EXERCISE DESCRIPTION:
Return all of the data exactly as written, without the pictures.

DATA SECTION:
■ ■ ■

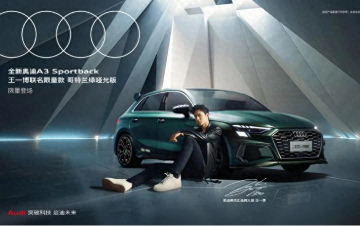 11月中旬,新奥迪A3发布了与王一博合作的联名限量版,全球限量23台,其中锰石黑20台,特兰绿3台。在汽车行业联名虽然早已不是新鲜事,但这样的产品形式还是引起了一些轰动,因为这个限量款不是简单地找了王一博做代言,而是基于A3 Sportback车型,在外观上整体进行了较大改装:前格栅和尾翼采用了碳纤维材质,前进气格栅、前翼子板、后车门处都有奥迪与YIBO的联合logo,迎宾灯的图案也采用联合logo,车内也体现了限量版的特殊性,内饰条上有王一博的签名,中央扶手烫印联合logo——这样的汽车联名款堪称煞费苦心。
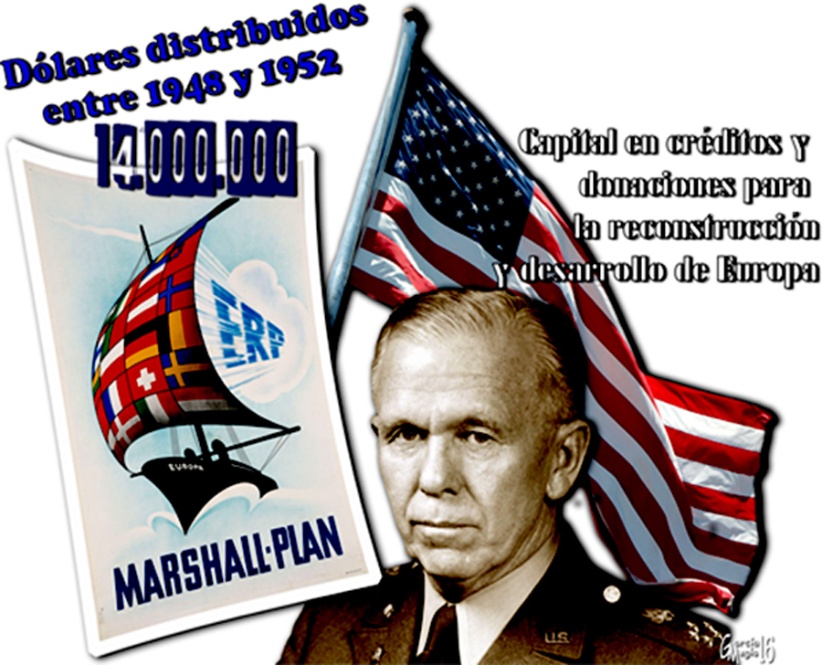 Inspirándose en la Doctrina Truman que propugna facilitar ayuda económica y militar a cualquier país en riesgo de caer en la órbita de influencia soviética, el Secretario de Estado americano George C. Marshall, elabora y propone en París el Programa de Reconstrucción Europea (ERP), más conocido como Plan Marshall, mediante el cual Estados Unidos se compromete a facilitar materias primas, productos elaborados y capital necesarios para la reconstrucción y desarrollo, en forma de créditos o donaciones.
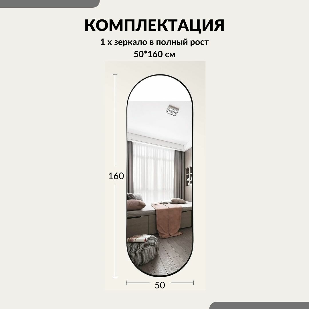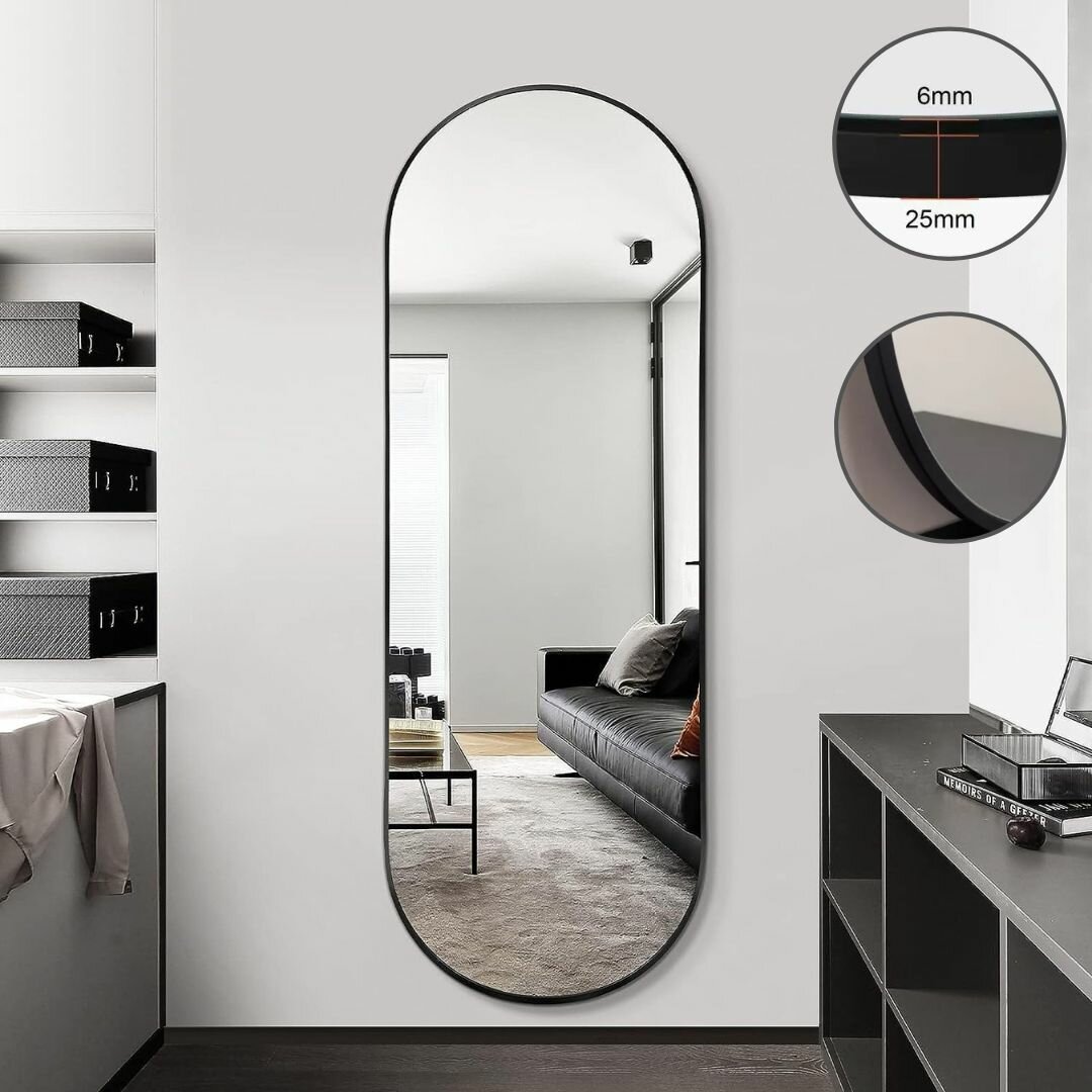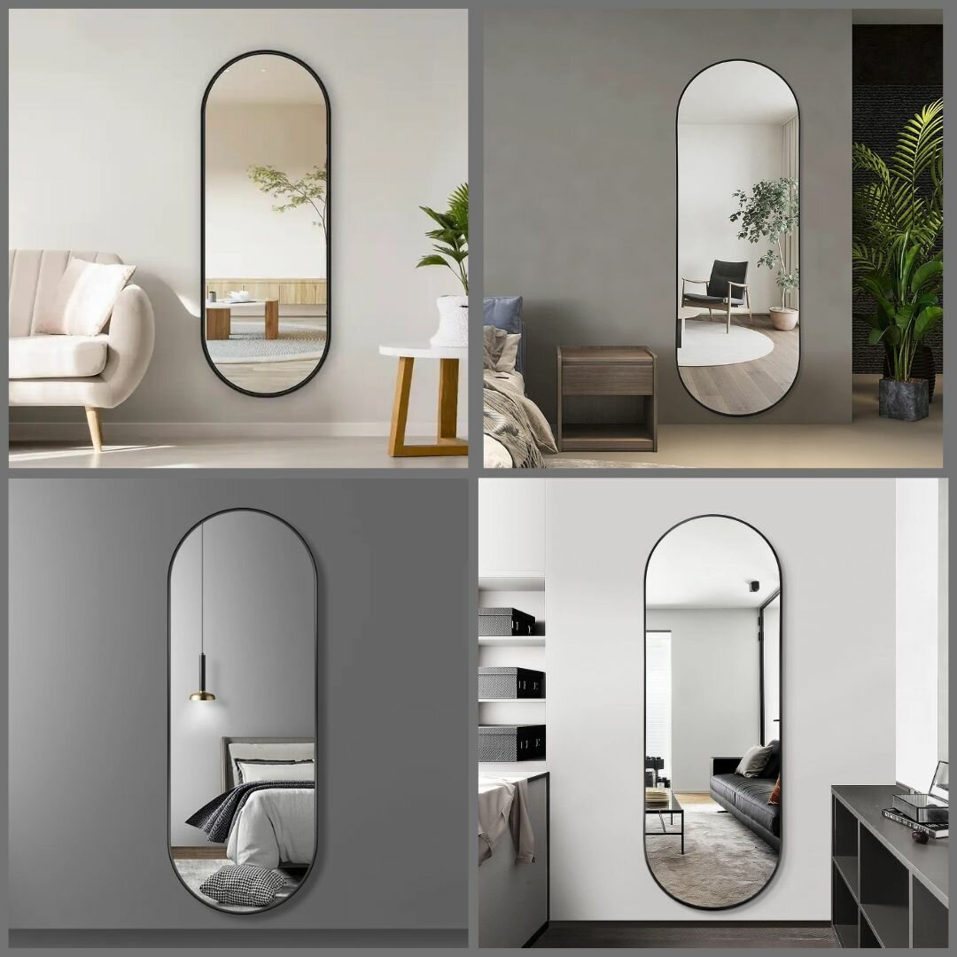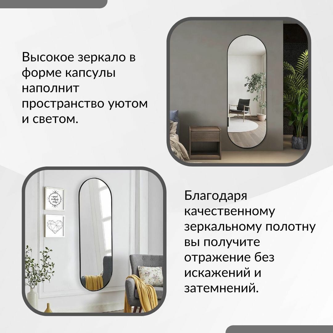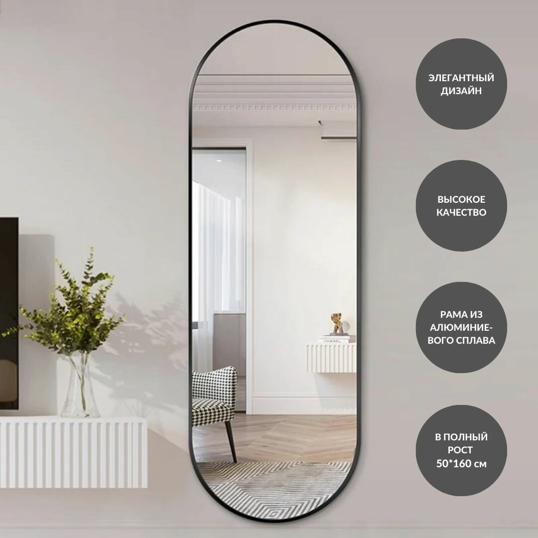 Зеркало настенное интерьерное в полный рост в черной металлической раме 50*160 см интересное:

■ ■ ■

OUTPUT FOR THIS EXERCISE:
 11月中旬,新奥迪A3发布了与王一博合作的联名限量版,全球限量23台,其中锰石黑20台,特兰绿3台。在汽车行业联名虽然早已不是新鲜事,但这样的产品形式还是引起了一些轰动,因为这个限量款不是简单地找了王一博做代言,而是基于A3 Sportback车型,在外观上整体进行了较大改装:前格栅和尾翼采用了碳纤维材质,前进气格栅、前翼子板、后车门处都有奥迪与YIBO的联合logo,迎宾灯的图案也采用联合logo,车内也体现了限量版的特殊性,内饰条上有王一博的签名,中央扶手烫印联合logo——这样的汽车联名款堪称煞费苦心。
 Inspirándose en la Doctrina Truman que propugna facilitar ayuda económica y militar a cualquier país en riesgo de caer en la órbita de influencia soviética, el Secretario de Estado americano George C. Marshall, elabora y propone en París el Programa de Reconstrucción Europea (ERP), más conocido como Plan Marshall, mediante el cual Estados Unidos se compromete a facilitar materias primas, productos elaborados y capital necesarios para la reconstrucción y desarrollo, en forma de créditos o donaciones.
 Зеркало настенное интерьерное в полный рост в черной металлической раме 50*160 см интересное:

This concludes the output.